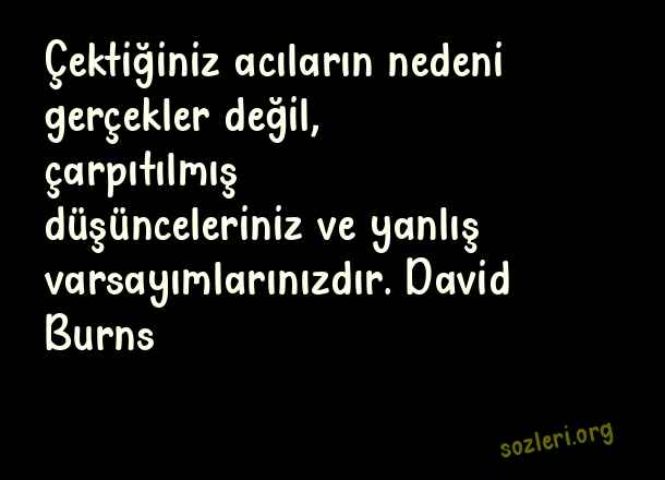 Çektiğiniz acıların nedeni gerçekler değil, çarpıtılmış düşünceleriniz ve yanlış varsayımlarınızdır. David Burns ( Yanlış )
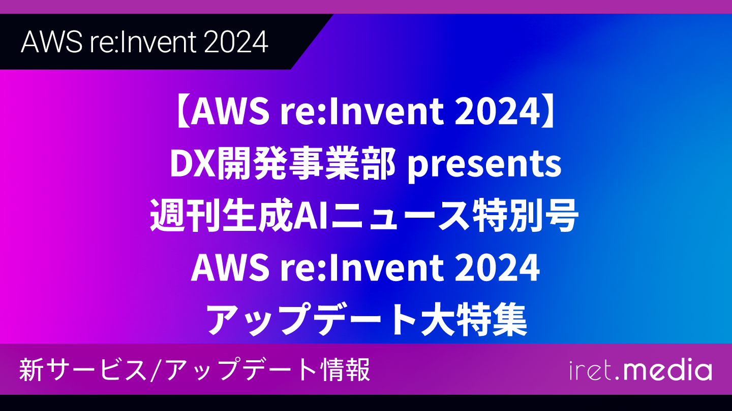 週刊でお届けしている生成AIニュースですが、本記事では特別号として、2024年12月2日から12月6日の間に開催された AWS re:Invent 2024で発表された、AWSの生成AIサービスに関するアップデートに関してまとめております!
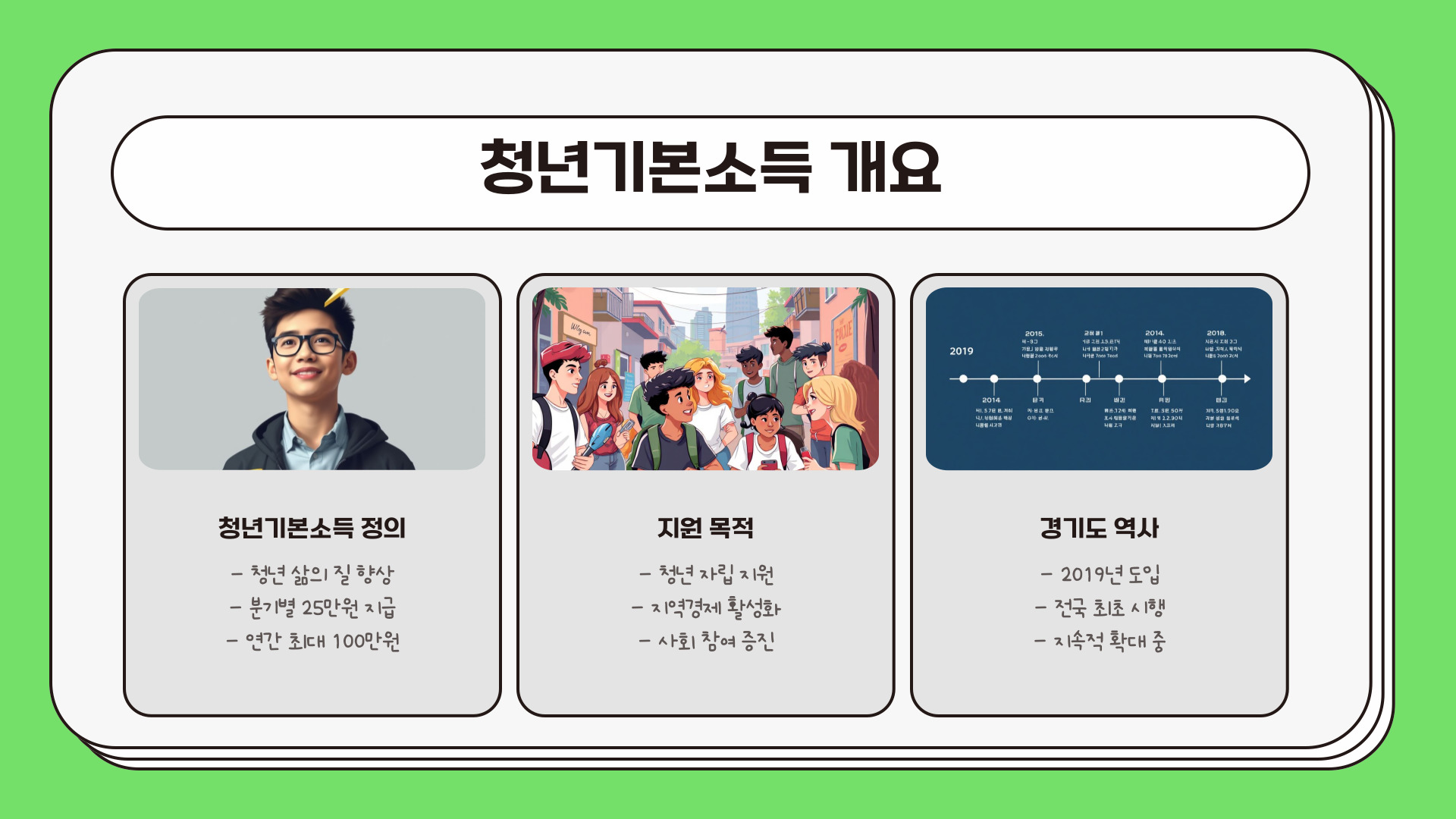 청년기본소득은 만 19세에서 29세 사이의 청년에게 매달 일정 금액을 지원하는 제도입니다. 이 제도는 경제적 어려움을 겪고 있는 청년들에게 기반 자금을 제공하여 자립을 도모하도록 돕고 있습니다. 한국의 청년들은 다양한 사회경제적 문제로 인해 어려움을 겪고 있으며, 청년기본소득은 이러한 문제를 해결하는 한 가지 방법이 될 수 있습니다.
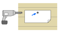 (1)で用意した型紙を取り付け位置にあて、振動ドリルなどで深さ10mm程度の下穴を開けます。
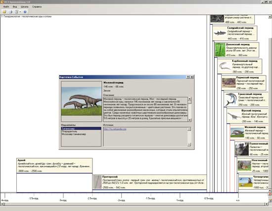 Рис. 16. «Компактный» режим в «ОСЗ ХроноЛайнер» Особенность программы состоит в том, что она предоставляет учителю возможность создавать собственные файлы контентного наполнения ленты времени. Ряд тем уже предлагается в единой коллекции, включая те, что перечислены в таблице. Ресурс предлагает темы не только по истории, но и по другим предметам. Например, на рис. 17 показана лента времени «Геохронология — геологические эры и эпохи», которая способствует формированию у учащихся представления об основных геологических периодах в истории Земли — от архея до кайнозоя. Материал включает описание наиболее значимых для развития биосферы Земли явлений природы и геологических процессов, а также изображения типичных представителей флоры и фауны различных периодов. Данный материал изучается на уроках физической географии.
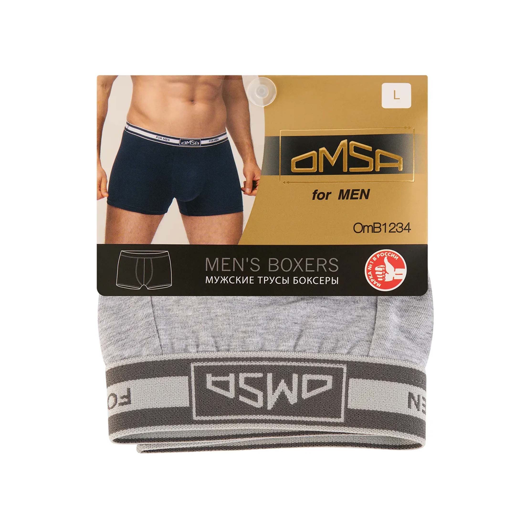 Omsa Трусы мужские Боксеры OmB 1234 Grigio melange размер 46 (M) классические, без боковых швов с открытой жаккардовой резинкой по талии, на которую нанесен логотип бренда. Выполнены из высококачественного хлопка с добавлением эластана.
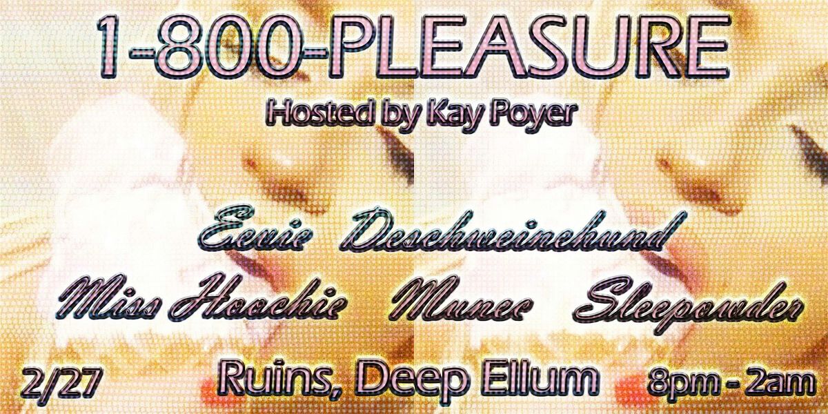 Join us Friday February 27th at Ruins, Deep Ellum for 1-800-PLEASURE, a night with dancers, vintage lingerie and rave clothing vendors, and the sexiest music curators! Hosted by the iconic Kay Poyer and featuring DJs Miss Hoochie, Eevie, Sleepowder, Muñec, and Deschweinehund! Doors open at 8 and DJs will spin from 8:30 PM to 2:00 AM. We'll see you there!
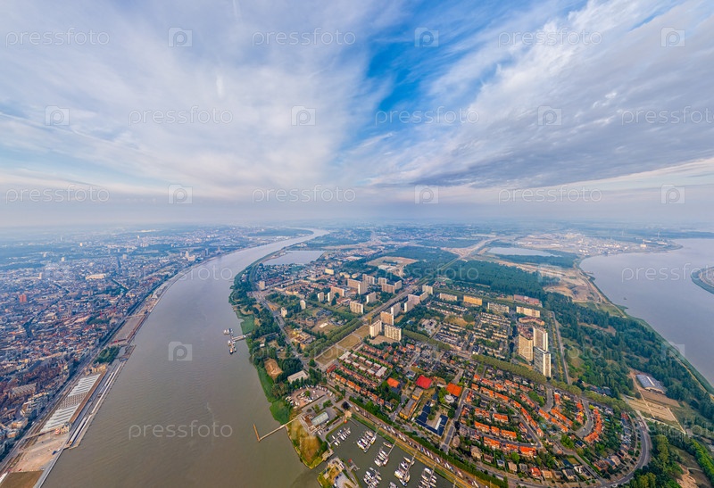 Антверпен, Бельгия. Панорама города. Река Шельда (Escout). Летним утром. Вид с воздуха
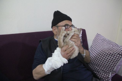Bolu'da, sobayı benzinle tutuşturmak isterken çıkan yangında elinden yaralanan 83 yaşındaki Ali Meşe, tedavi gördüğü hastaneden taburcu olduktan sonra yerleştiği kızının evinde, yangında kurtardığı kedisinden bir an olsun ayrılmıyor.
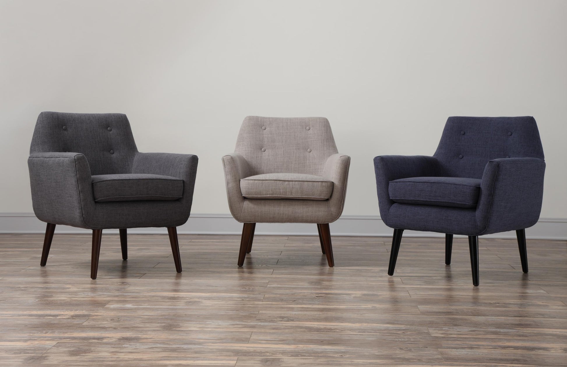 Our Clyde chair has a clean Mid-Century aesthetic while the small scale button tufting adds a pop of personality. Perched on solid wood legs, this chair is a true classic and is a fashionable addition to living rooms, bedrooms and entryways. Available in multiple color options.
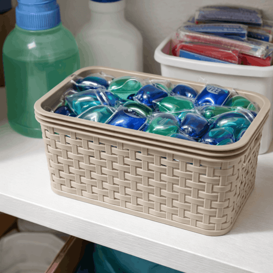 Plastična korpica za organizaciju 20 × 14 cm – bež, pleteni izgled
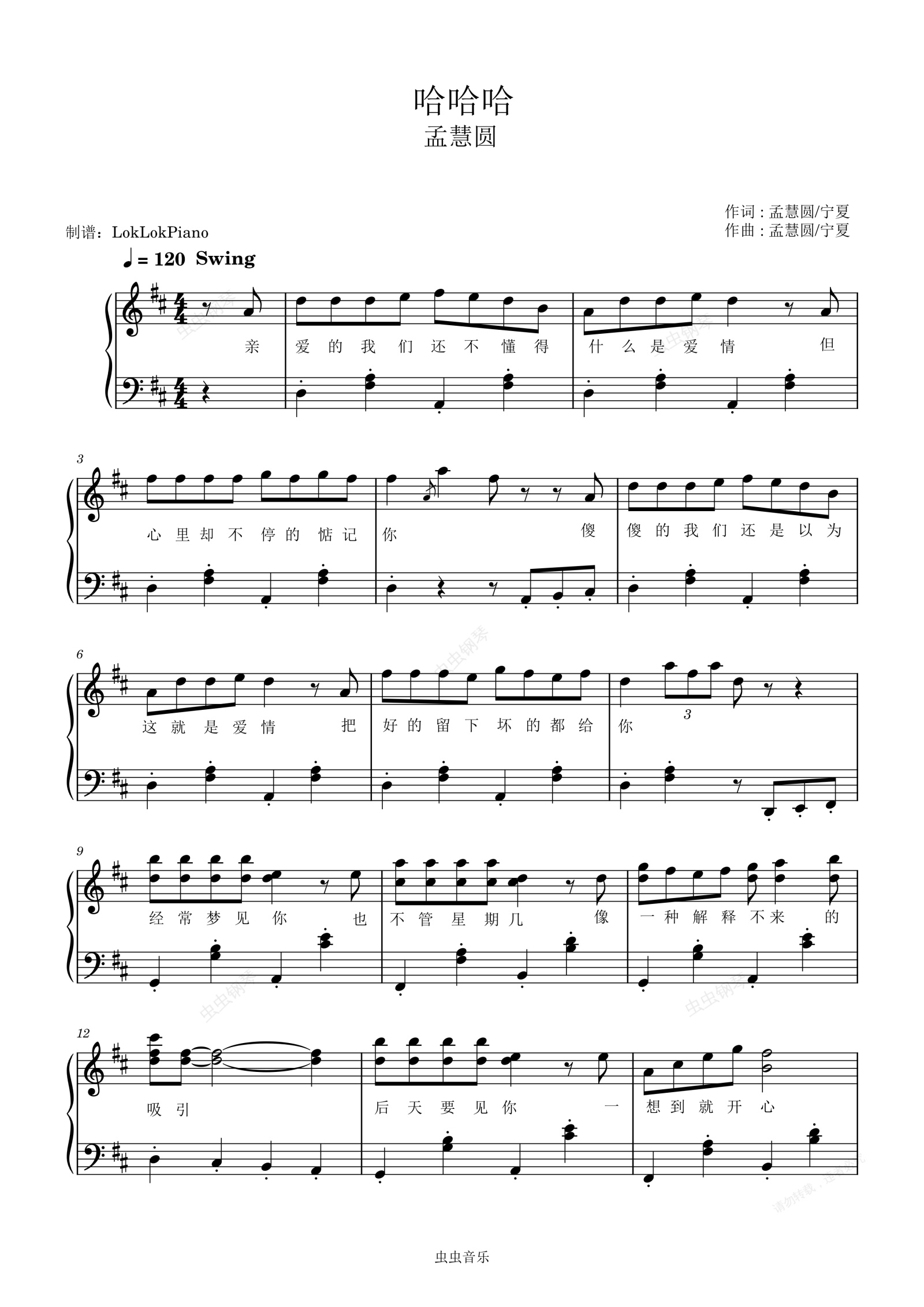 钢琴谱:哈哈哈 - 孟慧圆 | LokLokPiano演奏版
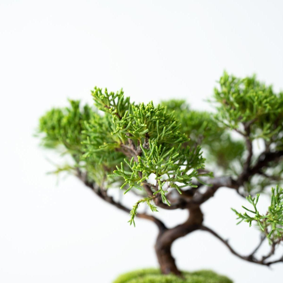 盆栽の世界で絶対的な人気を誇る真柏(しんぱく)。深い緑が美しい葉姿、育てるほどに力強さや古さを増す幹肌、そして強健な性質でとても育てやすいことから初心者から玄人まで幅広く親しまれています。また、真柏の葉には深い森林を連想させる香り成分が含まれており、その香りの良さからアロマオイルにも使用されています。お手入れの度に深呼吸したくなる香りが楽しめるのも、真柏の隠れた魅力かもしれません。
====================
> Required work
What's needed is every line above, retyped exactly and free of pictures.

> Answer area
 Çektiğiniz acıların nedeni gerçekler değil, çarpıtılmış düşünceleriniz ve yanlış varsayımlarınızdır. David Burns ( Yanlış )
 週刊でお届けしている生成AIニュースですが、本記事では特別号として、2024年12月2日から12月6日の間に開催された AWS re:Invent 2024で発表された、AWSの生成AIサービスに関するアップデートに関してまとめております!
 청년기본소득은 만 19세에서 29세 사이의 청년에게 매달 일정 금액을 지원하는 제도입니다. 이 제도는 경제적 어려움을 겪고 있는 청년들에게 기반 자금을 제공하여 자립을 도모하도록 돕고 있습니다. 한국의 청년들은 다양한 사회경제적 문제로 인해 어려움을 겪고 있으며, 청년기본소득은 이러한 문제를 해결하는 한 가지 방법이 될 수 있습니다.
 (1)で用意した型紙を取り付け位置にあて、振動ドリルなどで深さ10mm程度の下穴を開けます。
 Рис. 16. «Компактный» режим в «ОСЗ ХроноЛайнер» Особенность программы состоит в том, что она предоставляет учителю возможность создавать собственные файлы контентного наполнения ленты времени. Ряд тем уже предлагается в единой коллекции, включая те, что перечислены в таблице. Ресурс предлагает темы не только по истории, но и по другим предметам. Например, на рис. 17 показана лента времени «Геохронология — геологические эры и эпохи», которая способствует формированию у учащихся представления об основных геологических периодах в истории Земли — от архея до кайнозоя. Материал включает описание наиболее значимых для развития биосферы Земли явлений природы и геологических процессов, а также изображения типичных представителей флоры и фауны различных периодов. Данный материал изучается на уроках физической географии.
 Omsa Трусы мужские Боксеры OmB 1234 Grigio melange размер 46 (M) классические, без боковых швов с открытой жаккардовой резинкой по талии, на которую нанесен логотип бренда. Выполнены из высококачественного хлопка с добавлением эластана.
 Join us Friday February 27th at Ruins, Deep Ellum for 1-800-PLEASURE, a night with dancers, vintage lingerie and rave clothing vendors, and the sexiest music curators! Hosted by the iconic Kay Poyer and featuring DJs Miss Hoochie, Eevie, Sleepowder, Muñec, and Deschweinehund! Doors open at 8 and DJs will spin from 8:30 PM to 2:00 AM. We'll see you there!
 Антверпен, Бельгия. Панорама города. Река Шельда (Escout). Летним утром. Вид с воздуха
Bolu'da, sobayı benzinle tutuşturmak isterken çıkan yangında elinden yaralanan 83 yaşındaki Ali Meşe, tedavi gördüğü hastaneden taburcu olduktan sonra yerleştiği kızının evinde, yangında kurtardığı kedisinden bir an olsun ayrılmıyor.
 Our Clyde chair has a clean Mid-Century aesthetic while the small scale button tufting adds a pop of personality. Perched on solid wood legs, this chair is a true classic and is a fashionable addition to living rooms, bedrooms and entryways. Available in multiple color options.
 Plastična korpica za organizaciju 20 × 14 cm – bež, pleteni izgled
 钢琴谱:哈哈哈 - 孟慧圆 | LokLokPiano演奏版
 盆栽の世界で絶対的な人気を誇る真柏(しんぱく)。深い緑が美しい葉姿、育てるほどに力強さや古さを増す幹肌、そして強健な性質でとても育てやすいことから初心者から玄人まで幅広く親しまれています。また、真柏の葉には深い森林を連想させる香り成分が含まれており、その香りの良さからアロマオイルにも使用されています。お手入れの度に深呼吸したくなる香りが楽しめるのも、真柏の隠れた魅力かもしれません。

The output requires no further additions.